Your infertility does not define you, and neither does your job
Despite our diverse experiences, we both came to the conclusion that success can be defined in many ways. CM aspired to be one of the fantastic parents we see everywhere in academia: working tirelessly to juggle their academic career with the parent they want to be. When her future as a biological parent disappeared, she felt she had only her academic career left. For a while it was a good coping strategy: she threw herself into her work to feel like she excelled at one thing when the others failed her. But with the uncertainty and pressure of early career academia, she quickly learned that she must place weight on personal and professional achievements. She found balance in disarticulating her passion for research from a steady academic job, and pursuing personal goals put on hold during fertility treatments.
We both learned that we don’t have to define ourselves just by our fertility journeys and careers. Rather, ‘success’ can be defined collectively across the many facets of our lives, allowing us to change what it looks like as we encounter insurmountable obstacles.
Be gentle with yourself about the challenges you face and the ones you choose not to
Both of us had to give up funded fieldwork and conferences to undergo treatment, which was difficult to explain and justify to colleagues who did not know about our situations and who could not understand why we would want to miss these career opportunities. This added more pressure to an already difficult situation.
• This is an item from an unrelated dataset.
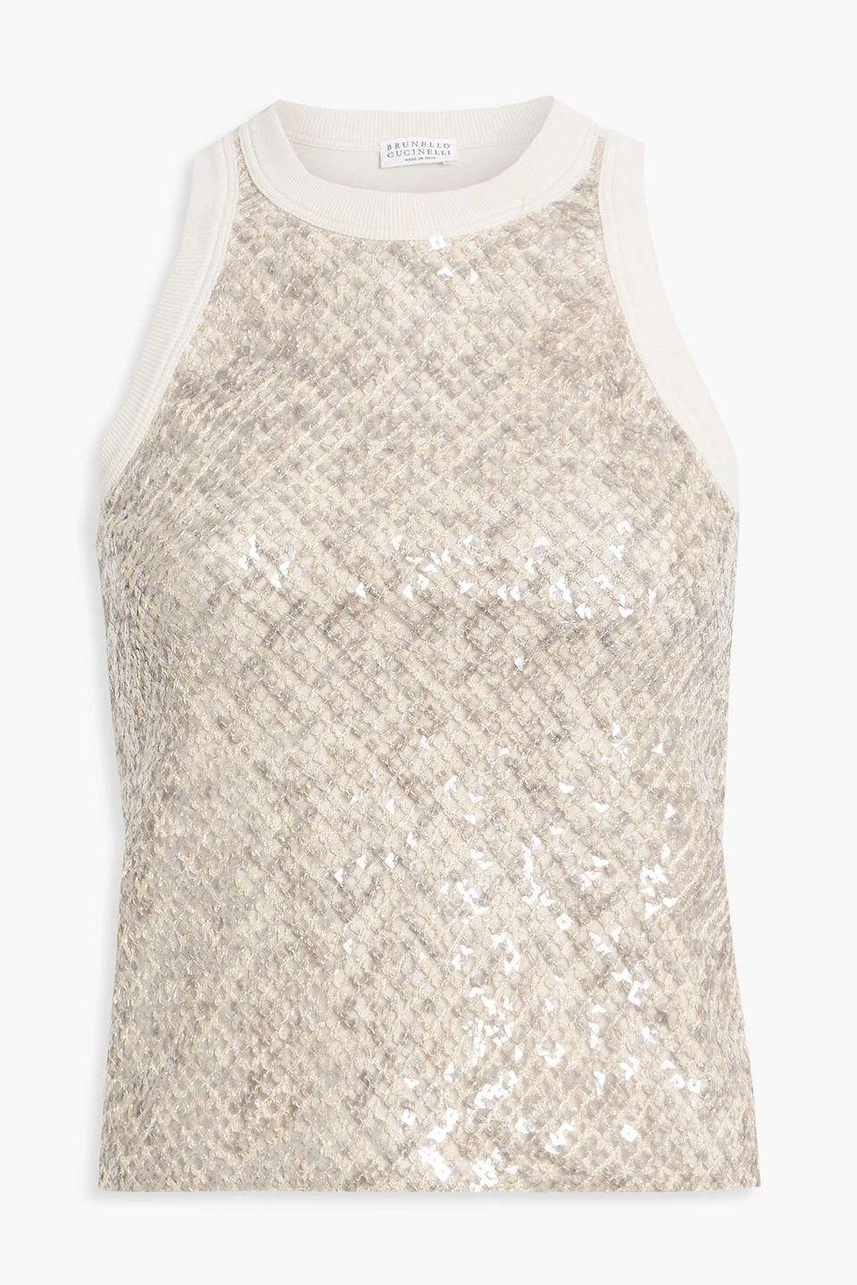 Tank tulle cotton-blend jersey sequins paneled slips on mid-weight knit dry clean made in italy Craving a little sparkle? Scoop up Brunello Cucinelli's glam tank top while you can. It's made from cotton-blend jersey and tulle with sparkling sequins. Wear it with everything from tapered pants to denim and midi skirts. 93% Cotton 7% Elastane Product Code 46376663163113149

Going through such a struggle pushed us. This made us more innovative, identifying research questions and approaches that were meaningful to us that did not rely on fieldwork, and using technology to maintain our networks and conference presence. Sometimes we’ve decided not to attend events about childhood and motherhood because we’ve found them to be triggering, and that’s okay too.
By sharing our infertility stories, we hope to normalize the variety of choices academics can make for their research careers based on their personal health and well-being. Decisions related to the fieldwork, conferences, and research topics you choose to participate in must be made courageously and with your own best interests at heart, and the ability to do so should be at the heart of our academic freedom.
These lessons may do little to ease the pain of infertility, but we hope that they help people going through this struggle to become more resilient, more adaptable, and perhaps even a happier academic.